Cuando las fechas de las fotos se aproximaron a mediados de los sesenta, un bebé
apareció, a veces en brazos de su madre, a veces en brazos de su padre. Tenía el rostro
de un niño triste, como si supiera que, con el paso de los años, sus padres se volverían
más esquivos. Era inevitable que dejaran de cogerme en brazos, pero no que el amor
desapareciese, pensaba.
Llegaron las fotos de sus partidos de fútbol. Jugaba con los amigos que había hecho en
Cortes de Arenoso. Por lo duro que era hacer el trayecto de la finca a Cortes, no podía ir
a muchos entrenos, y, por lo tanto, en los partidos jugaba extraordinariamente. A eso se
debía que hubiera pocas fotos. Menos de cinco, tal vez. Pero en todas miraba a la
cámara y sonreía con orgullo. Giraba la cabeza, de espaldas al objetivo; así se veía el
número que llevaba detrás de su camiseta. La pose era poco humana, como la de una
estrella en las alfombras rojas, pero, en la infancia, incluso eso resulta natural.

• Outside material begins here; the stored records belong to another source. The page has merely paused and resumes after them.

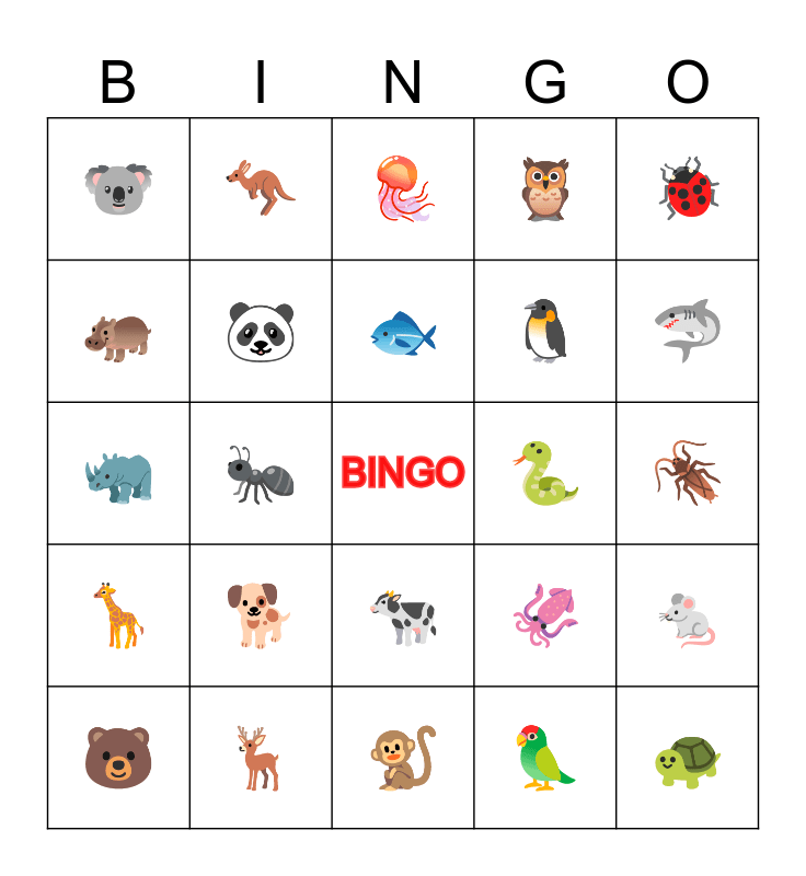This bingo card has a free space and 56 words: 🦊, 🐻, 🐹, 🐨, 🐒, 🐸, 🐼, 🦁, 🐧, 🦆, 🦉, 🦇, 🐝, 🪱, 🦋, 🐌, 🐞, 🐜, 🕷️, 🐢, 🐍, 🦎, 🦑, 🪼, 🦀, 🐟, 🐬, 🐋, 🦈, 🐊, 🐅, 🦓, 🦍, 🐘, 🪳, 🦛, 🦏, 🐪, 🦒, 🦘, 🐄, 🫏, 🐎, 🐖, 🐑, 🐕, 🦌, 🐐, 🦔, 🐈, 🦜, 🦝, 🐇, 🦩, 🐁 and 🐿️.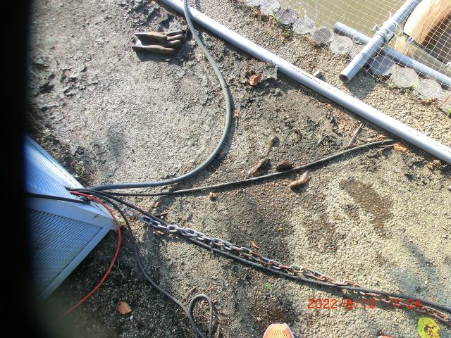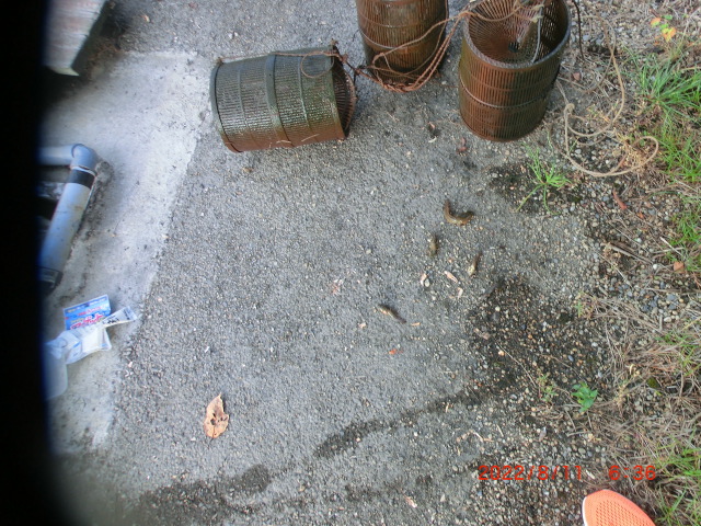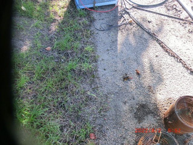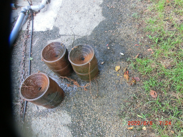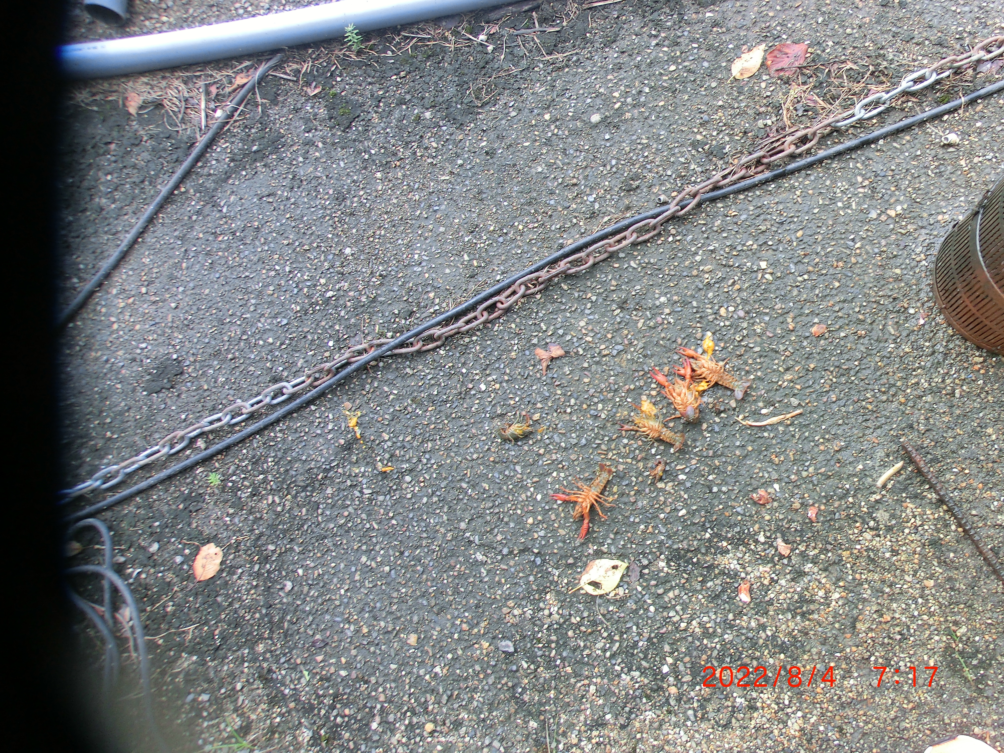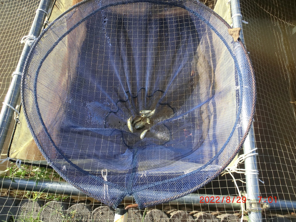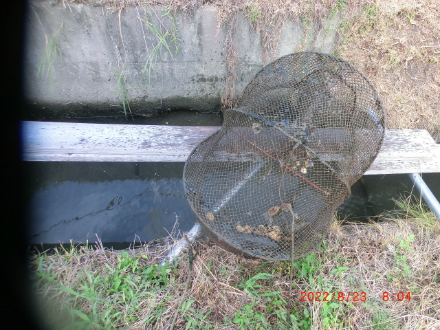 2022/8/4 生態系調査 ザリガニ 7匹捕獲 餌はスルメ+金魚の餌にしました。モンドリの位置を少し変更 写真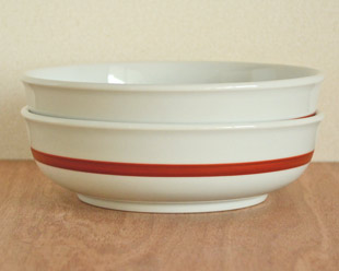 器の高さは5.5cmくらい。外側には8mm幅の赤いラインが引かれています。

—De pequeña, mi abuela me decía que todas las familias escondían un muerto
en casa.—empezó su madre.—Cuando tú naciste, supe que el muerto en nuestra casa era
lo diferentes que éramos al resto de familias. Siempre que te llevaba a uno de esos
partidos, oía los comentarios de las demás madres sobre cómo trataban a sus hijos. Las
normas que debían seguir, las obligaciones que ya les daban... Se jactaban de que sus
hijos estuvieran en ese equipo. Creían que, cuantos más compromisos tuvieran, mejores
personas serían. O algo así me imagino que pasaría. Nunca quise algo similar para ti.
Por eso te acabé sacando.
—No sé si hiciste bien.—contestó Aureli. Giró la cabeza hacia su padre,
interrogante. Quizás tuviera algo que añadir. Había sido idea suya que entrara en el
equipo de fútbol, y, de hecho, el día que la madre de Aureli lo desapuntó, ni siquiera le
había preguntado si estaba de acuerdo. Pero a su padre no se le veía atento. Miraba por
la ventana. Aureli se imaginó que había descubierto lo fascinantes que eran los edificios
de esa calle. Sin embargo, si su padre sacaba la cabeza por la ventana era porque había
oído jaleo y, al curiosear, había visto un grupo de chavales pegándose en la calzada.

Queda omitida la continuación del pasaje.